As a Devils fan, I have always feared overtime. I would think any hockey fan would fear overtime. Any play could spell the end. Any flip into the zone could end in disaster. Any blue line slap towards the net could get deflected ten times and find its way to the twine. Hockey is the fastest game, and within a blink of an eye, a game could end. For most of my memory, I've seen the Devils lose OT playoff games. During the last two rounds of that 2003 Cup run, the Devils went 0-4 in OT, losing twice each to Ottawa and Anaheim. They lost key OT games to Carolina in 2006 and 2009. That all seemed to change in 2012. The Devils entered that game 3-1 in OT games, including back-to-back wins to finish off Florida in the 1st round. The stage was well set.
Luckily for my heart and sanity, the Devils ended it quickly. It was an innoucuous rush, but a mad one. Lexi Ponikarovsky flipped it on goal, players mauled Lundqvist, including Kovalchuk. The puck slipped through Hank's legs, and Adam Henrique smacked it into an open net. The OT lasted all of 1:15, and the Devils broke 18 years of demons in one moment. In that moment, the way that series ended, with the Rangers hopes dashed in OT when they had their best team since their Cup, and having my Devils do it to them, I honestly did not care if they won the Cup or not.
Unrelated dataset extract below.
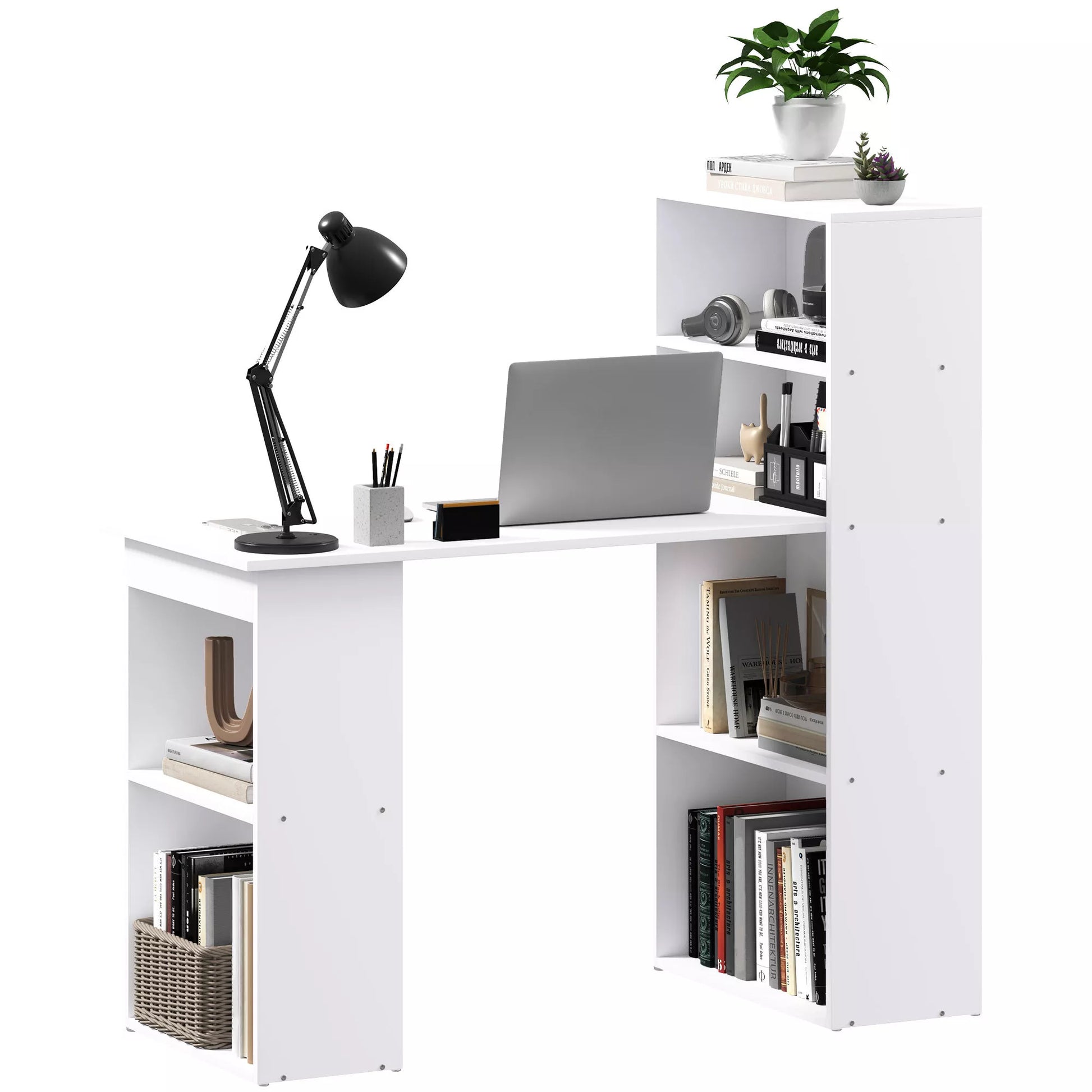 HOMCOM Rašomasis stalas, biuro stalas, kompiuterio stalas, su 2 lentynomis, 5 lentynos, 120 cm x 55 cm x 120 cm, baltas

Being a fan of a clearly inferior team, from a fanbase and support level, is an interesting position to be in. Putting aside the Yankees, the Devils were clearly the best franchise in New York sports from 1995-2012. They won 3 Cups, made the Finals two more times, and made the playoffs all but one season. They were, in many senses, a dynasty. But they still had to play second fiddle to the Rangers. That will never change, but at least now they had one back on them. 1994 will never die. It was a seminal moment in the league's history, allowing Mark Messier to make and make good on his guarantee, and have his shaking, gleaming face holding the Cup be a moment splashed across all Cup montages from then until forever. But now we could answer 1994 with 2012, and that was all I could ask for.